4.1 Installing a Package
If you want a package but do not see that package under the “Packages” tab on the 4th panel, click “Install.” A new window will appear that will ask you to enter the package you want to install. Enter the package name and click install. Wait for the computer to install the package. Sometimes, it takes a while.
Alternatively, you can install a package by typing the function install.package(“package_name”) in the Source panel. Wait for the computer to install the package.
4.2 Loading a Package
If a package is already installed, there are 2 ways to load a package. One way is to type the function, library(package_name) in the source panel. If you get an error message that says there is no package named “package_name”, that means the package is not installed. You will have to install the package first by following the instructions for “Installing a Package.” After the package is installed, you can now load the package.
Alternatively, to load a package, you can go directly to the ”Package” tab on the 4th panel. Scroll down until you see the package you want and put a check mark on the box to its left. If you do not see the package, that means it has not been installed. Follow the “Installing a Package” instruction. When the package has been installed successfully, put a check mark on the box beside the package to load it.
4.3 Setting Working Directory
Working directory is a file path that sets the location of any files you save from R, datasets you import into R, etc. This is your default file path.
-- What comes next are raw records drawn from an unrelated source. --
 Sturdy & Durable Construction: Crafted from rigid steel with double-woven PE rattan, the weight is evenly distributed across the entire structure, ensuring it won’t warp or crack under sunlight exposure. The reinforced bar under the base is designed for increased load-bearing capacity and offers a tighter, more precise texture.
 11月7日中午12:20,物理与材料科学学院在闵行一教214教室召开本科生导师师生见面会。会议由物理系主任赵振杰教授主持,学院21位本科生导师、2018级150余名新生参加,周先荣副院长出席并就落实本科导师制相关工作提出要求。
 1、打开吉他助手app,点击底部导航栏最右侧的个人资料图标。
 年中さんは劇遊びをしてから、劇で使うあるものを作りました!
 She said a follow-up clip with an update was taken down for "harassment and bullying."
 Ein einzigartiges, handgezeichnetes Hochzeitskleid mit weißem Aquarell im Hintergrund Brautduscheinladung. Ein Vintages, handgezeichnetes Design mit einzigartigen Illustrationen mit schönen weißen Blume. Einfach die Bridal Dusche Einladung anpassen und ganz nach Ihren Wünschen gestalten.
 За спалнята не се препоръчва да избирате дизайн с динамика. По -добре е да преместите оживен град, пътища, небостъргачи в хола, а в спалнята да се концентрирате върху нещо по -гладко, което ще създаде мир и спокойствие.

The function to set your working directory is: setwd(“PATH”).
- Sample script if you have your files in Dropbox
- setwd(“/home/Deanna/Dropbox/projects/Math211”)
- Sample script if you have your files on the C drive of your PC
- setwd(“C:/Documents and Settings/Deanna/Math211”)
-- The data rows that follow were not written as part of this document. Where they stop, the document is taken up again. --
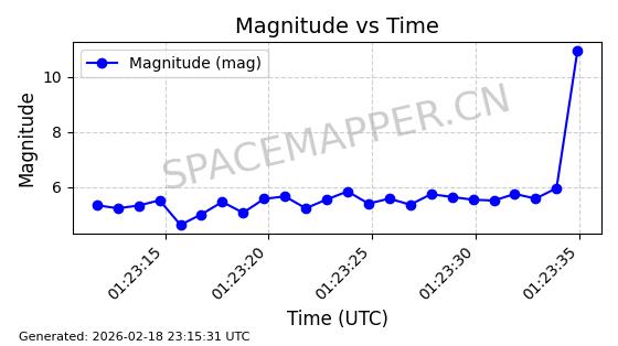 | STARLINK-30701 | 57950 | 57950 | 2023-09-25 同日期轨道 2023-148R 同批次轨道 | 在轨 | 94分钟 | 53.1602 | 474.372 | 476.158 | 0.0001302 | 2026-02-18 04:10:43 | ||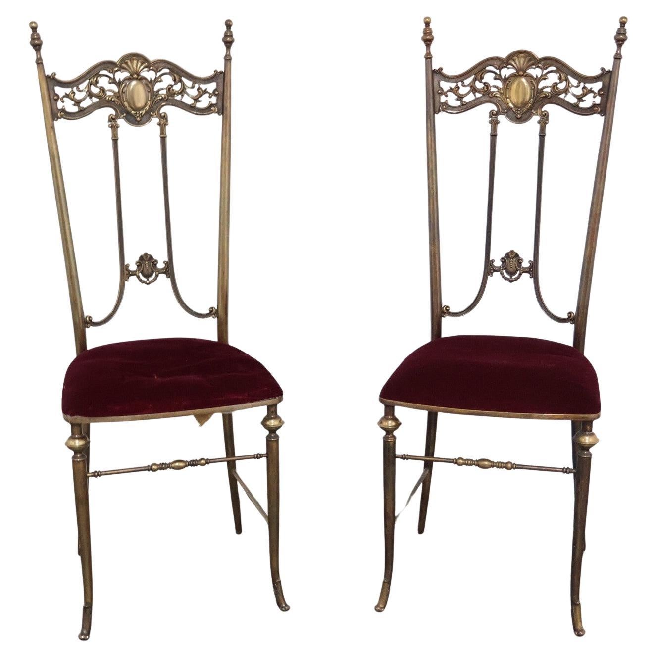 Bellissima Coppia di sedie Chiavarine di Pierluigi Colli in ferro battuto e foglia oro con rivestimento in gomma piuma e velluto rosso, ritappezzate. ...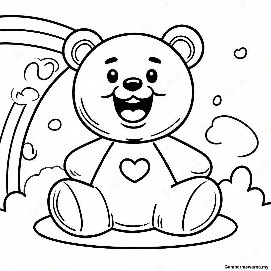 Halaman Mewarna Gummy Bear Gembira Di Pelangi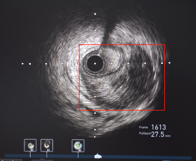 随后,患者立即被送往导管室,揭主任携副主任医师蒋溢为迅速给患者完成了冠脉造影,术中见患者左主干明显变窄,回旋支闭塞,血流TIMI0级,前降支次全闭塞,血流TIMI1级。但此时尚未能明确患者是否为冠脉痉挛或冠脉自发夹层,揭英纯和蒋溢为副主任医师当机立断,为患者快速完成了血管内超声检查,原来是冠状动脉自发夹层!考虑到患者冠脉已经闭塞,遂在IVUS指导下选择切割球囊精准对闭塞血管进行切割扩张,恢复回旋支及前降支正常血流。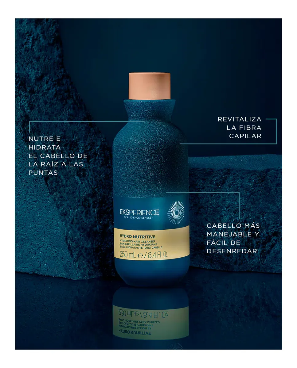 Шампунь Hydro Nutritive Cleanser от Eksperience - это унисекс-шампунь, который обеспечивает профессиональное очищение волос. Удаляет загрязнения и оставляет волосы увлажненными и питательными. Содержит ингредиенты морского происхождения, такие как комплекс Aquamaris, а также масла авокадо и макадамии, обеспечивающие внешнее питание. Включает высокопитательные эмоленты для эффективного внутреннего питания. Также содержит пантенол, который увлажняет, и ацетат токоферола, который действует как антиоксидант. Наносится на влажные волосы, мягко массируется и тщательно смывается.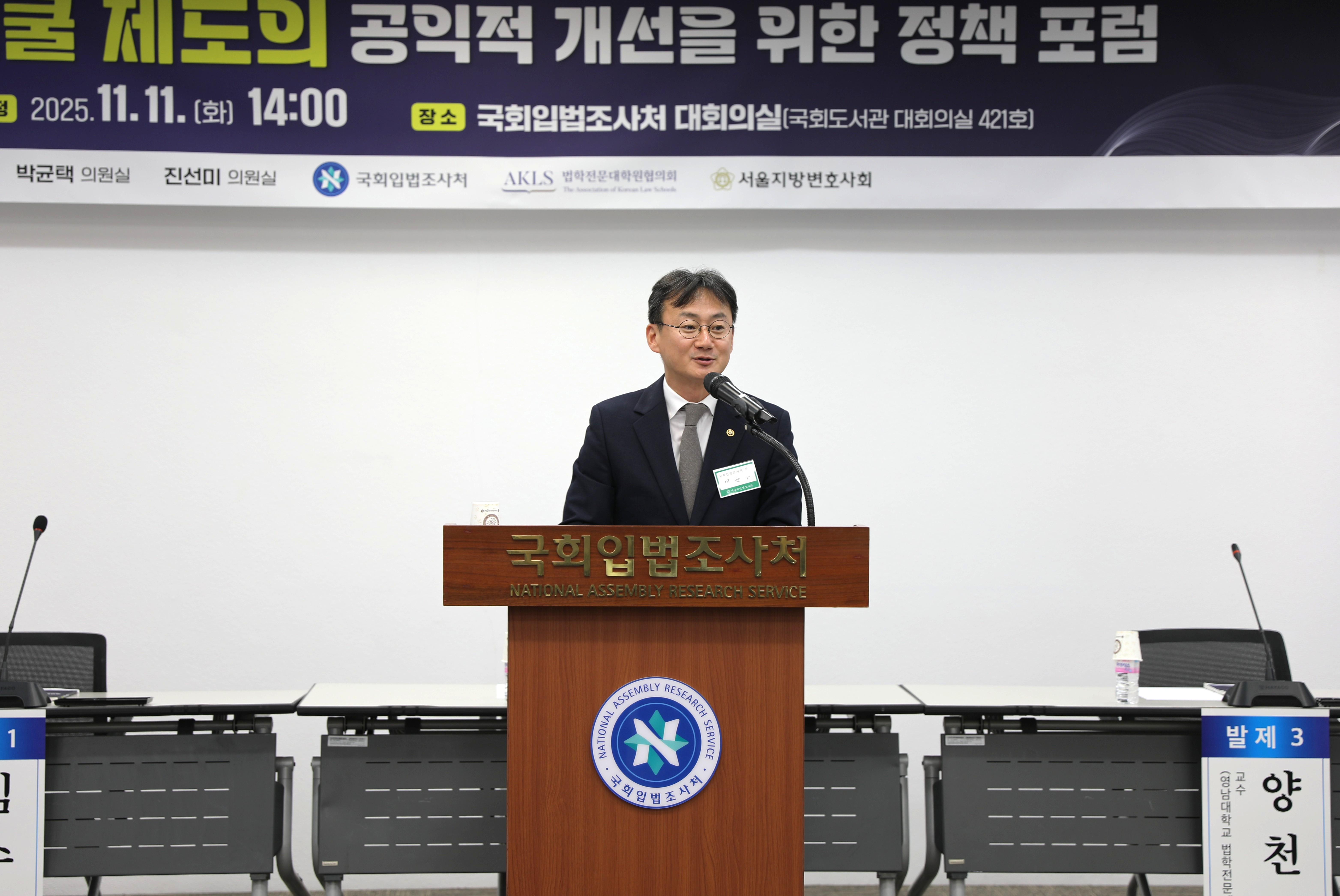 국회입법조사처 이관후 처장은 11월 11일(화) 국회입법조사처 대회의실에서 진행된 로스쿨 제도의 공익적 개선을 위한 정책 포럼에 참석하였다.

- Example if you have your files on the desktop of a Mac
- setwd(“~/Desktop”)
To make sure you have the right working directory, type the function, getwd( ). Note that the function has no arguments. Look at the result and make sure it is the directory you want.
4.4 Datasets built in R
R has a lot of built-in dataset. On the 4th panel is a tab called Packages. In Packages are several dataset packages such as boot, datasets and MASS. Click any of those packages and you will be taken to a page under the Help tab. The page shows you the datasets available. Click on a particular dataset to view the documentation for more information. To use any of the datasets, be sure there is a check mark beside the package.
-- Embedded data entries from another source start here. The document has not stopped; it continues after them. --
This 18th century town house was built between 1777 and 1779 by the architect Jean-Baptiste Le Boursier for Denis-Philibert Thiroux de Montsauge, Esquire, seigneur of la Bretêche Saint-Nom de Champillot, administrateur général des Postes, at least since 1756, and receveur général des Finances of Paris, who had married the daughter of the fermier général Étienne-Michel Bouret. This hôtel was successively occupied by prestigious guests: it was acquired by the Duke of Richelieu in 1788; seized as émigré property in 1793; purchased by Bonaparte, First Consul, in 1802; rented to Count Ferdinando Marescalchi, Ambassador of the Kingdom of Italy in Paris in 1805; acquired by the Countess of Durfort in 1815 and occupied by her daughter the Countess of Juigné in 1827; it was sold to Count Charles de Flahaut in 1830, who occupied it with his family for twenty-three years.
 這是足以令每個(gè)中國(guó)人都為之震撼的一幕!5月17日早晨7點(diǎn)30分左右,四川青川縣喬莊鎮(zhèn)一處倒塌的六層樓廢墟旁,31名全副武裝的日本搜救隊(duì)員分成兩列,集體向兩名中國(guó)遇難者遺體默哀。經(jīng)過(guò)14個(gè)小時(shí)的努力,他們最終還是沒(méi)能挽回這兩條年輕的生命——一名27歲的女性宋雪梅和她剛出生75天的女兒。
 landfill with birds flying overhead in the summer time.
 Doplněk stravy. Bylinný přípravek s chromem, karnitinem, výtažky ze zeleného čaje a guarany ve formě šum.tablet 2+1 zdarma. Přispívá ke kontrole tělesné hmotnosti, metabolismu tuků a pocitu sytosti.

4.5 Using “Import Dataset” in RStudio
RStudio makes importing datasets in a matter of clicks. First, go to the 4th panel’s “Files” tab. Click “Upload” and upload the file you want. If the upload is successful, you should see the file appear under the “Files” tab.
Then go to the Environment (3rd) panel. You will see a dropdown arrow called “Import Dataset.” The dropdown menu gives you a selection of what kind of data you want to import - whether it is a text file, excel file or csv file. Enter the file location, select the file and the file will appear in the Data preview area. If the file is correct, click “Import.”
You should now see the file in the Environment panel under the Data heading. On the right of the imported filename, a statement on how many observations and how many variables are in the dataset will appear. In the Source (1st) panel, you will see a new tab with the imported filename. Click that tab to view the dataset.
4.6 Reading Files
CSV Files
If you are importing a CSV (Comma Separated Values) file, use the function read.csv(“filename”).
Excel Files
Be sure that the package called readxl is loaded. Use the function read_excel(“filename”) if the filename is in your working directory or appears in the Files tab on the 4th panel.
- To import xls files: read_excel(“filename.xls”)
- To import xlsx files: read_excel(“filename.xlsx”)
- To import an xls file stored in a particular sheet number (for example, sheet number 2): read_excel(“filename.xls”, sheet = 2)
- To import an xlsx file stored in a particular sheet name (for example, sheet named students): read_excel(“filename.xlsx”, sheet = students)
There are several ways to view your imported file.
- View(filename) - shows the whole dataset in a separate tab in the Source panel
- head(filename) - extracts the first 6 lines of the dataset in the Console panel
- tail(filename) - extracts the last 6 lines of the dataset in the Console panel
- filename - Returns the whole dataset in the Console panel